== Segment start ==

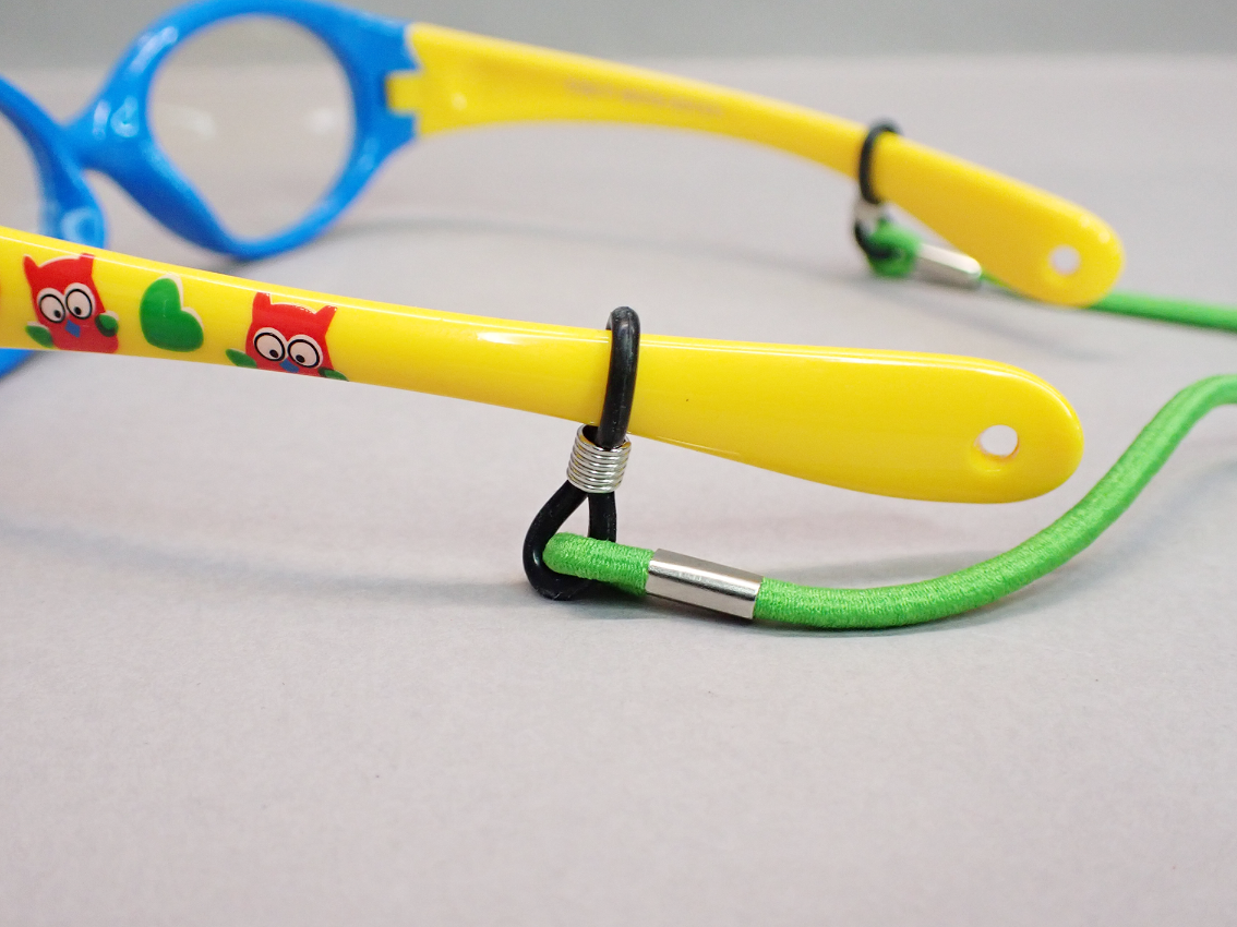 Sznurek zakończony jest gumowymi końcówkami, które pewnie utrzymują okulary na miejscu, a regulowany element zaciskowy umożliwia łatwe dopasowanie do indywidualnych potrzeb użytkownika.
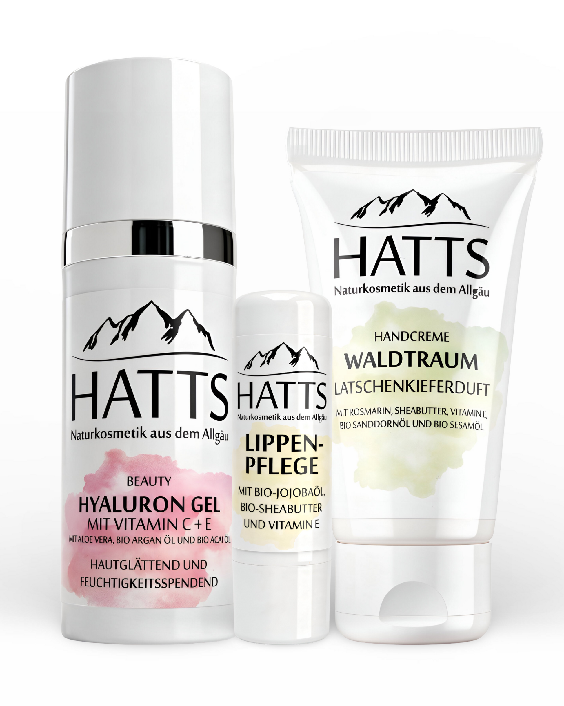 Dieses Set vereint unser Hyaluron Gel mit Vitamin C + E, die reichhaltige Handcreme Waldtraum und den Lippenpflegestift mit Bio-Ölen. Drei Produkte, die Feuchtigkeit spenden, schützen und pflegen – für Haut, Hände und Lippen.
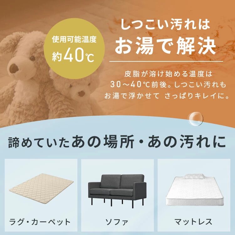 両モデルとも、水だけでカーペットやソファ、車のシートなどを洗浄できます。
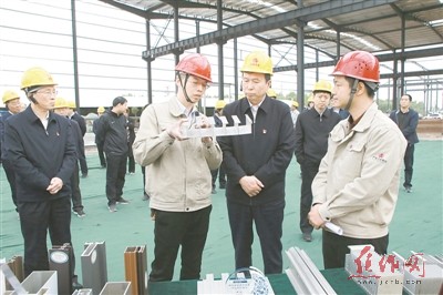4月19日,市委書記、市人大常委會(huì)主任王小平等領(lǐng)導(dǎo)在沁陽(yáng)市廣東興發(fā)鋁業(yè)(河南)有限公司年產(chǎn)5萬(wàn)噸節(jié)能輕質(zhì)高精鋁型材項(xiàng)目現(xiàn)場(chǎng)觀摩。

== Segment end ==

What to do: Write out the data above exactly, minus any images.

Reply:
 Sznurek zakończony jest gumowymi końcówkami, które pewnie utrzymują okulary na miejscu, a regulowany element zaciskowy umożliwia łatwe dopasowanie do indywidualnych potrzeb użytkownika.
 Dieses Set vereint unser Hyaluron Gel mit Vitamin C + E, die reichhaltige Handcreme Waldtraum und den Lippenpflegestift mit Bio-Ölen. Drei Produkte, die Feuchtigkeit spenden, schützen und pflegen – für Haut, Hände und Lippen.
 両モデルとも、水だけでカーペットやソファ、車のシートなどを洗浄できます。
4月19日,市委書記、市人大常委會(huì)主任王小平等領(lǐng)導(dǎo)在沁陽(yáng)市廣東興發(fā)鋁業(yè)(河南)有限公司年產(chǎn)5萬(wàn)噸節(jié)能輕質(zhì)高精鋁型材項(xiàng)目現(xiàn)場(chǎng)觀摩。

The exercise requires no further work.